Private sector thus receives another stroke in early 2010 by abolishment of the micro companies. This measure, coupled with maintenance of the flat tax rate and the general effects of the crisis, lead to the closure of other 62,000 companies from the beginning of this year. Thus, in a country where when the crisis began about 1940 large companies and 800 000 SME’s were registered, we have witnessed after a year and a half to the disappearance of about 250 000 companies, almost all of the SME.

Moreover, unemployment has continued to increase, for 2010 being estimated that 300,000 more people will lose their jobs.

What measures are taken in the current context?

  • For the private sector: tax increases and elimination of deductibilities, the most harmful measures, with direct impact on the dramatic decline of the consumption tax, being the increase of VAT to 24%, taxation of meal tickets (subsistence source for approximately 90% of those receiving them) by 16%, and assimilation of the revenues from liberal professions to the salary revenues, leading to a over-taxation. Moreover, in the middle of a liquidity crisis we introduce a tax on the banking deposits, leading to migration of capital from financial investment firms from the Romanian market into other markets.

The effects of these measures?
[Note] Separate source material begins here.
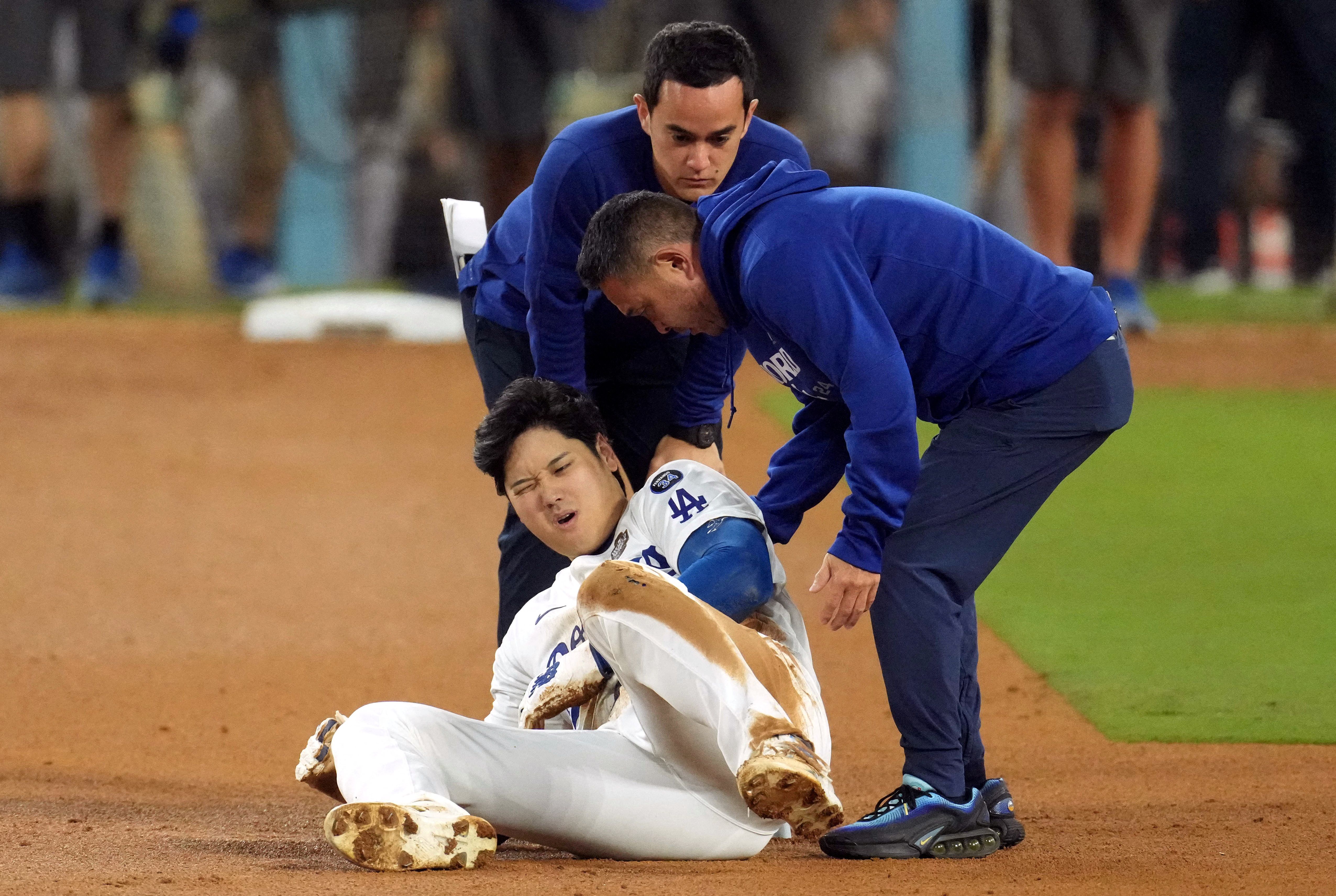 大谷翔平上一場比賽在第7局盜壘時,滑向二壘後動作不自然,隨後更倒在地上無法立即起身,大谷接著就下場接受治療與檢查,比賽後道奇總教練羅伯斯表示,大谷的左肩半脫臼,將進行精密儀器檢查,確認傷勢。

Certainly not the increase of the budget revenues, but rather their decrease and a cascade of bankruptcies among the private companies, leading to a new wave of layoffs. Not to mention the increasing lack of trust of the foreign investors in the Romanian economic environment, in a context where the rules change dramatically during the fiscal year, thus creating total uncertainty for any potential investor.

  • For the public environment: the revenues of all the public employees decreased by 25%, a brutal measure, which doesn’t leads to any reform in the public system but "punishes" the entire public sector for the incompetence of the Govern, respectively a measure that will lead to a dramatic decrease of the consumption and thereby leading to a decrease of the tax collection (not to mention the indirect effects on the private environment).

Nothing related to restructuring of unnecessary institutions, nothing about simplifying bureaucracy, on the contrary, new institutions have been just set up, such as the Registry of the Intracomunitary Operators, which will generate new costs in the public system and will complicate life of Romanian companies doing business in the EU even more. Nothing related to "optimizing" costs of public tenders, namely giving up unnecessary expenditure in the public system. Instead, procedures related to the Trade Register are becoming even more difficult, putting the business people’s patience under a great pressure.

What comes next? A disaster! Romania still resisted because of deepening public indebtedness, but this is also reducing our chance to recover for many years to come. And unfortunately none of the measures taken will have any positive effect, on the contrary, at the latest in the autumn we will realize that we counter major slippages, that we will lead us to take new measures, most likely, if the trend is maintained, consisting in new tax increases!

Personally I’m astounded by so much incompetence and lack of vision. And I start to think we have a real self-destructive vocation, or eventually we chose to test the endurance limits of a nation in terms of incompetence. The result, unfortunately, will be only one: VAE victis!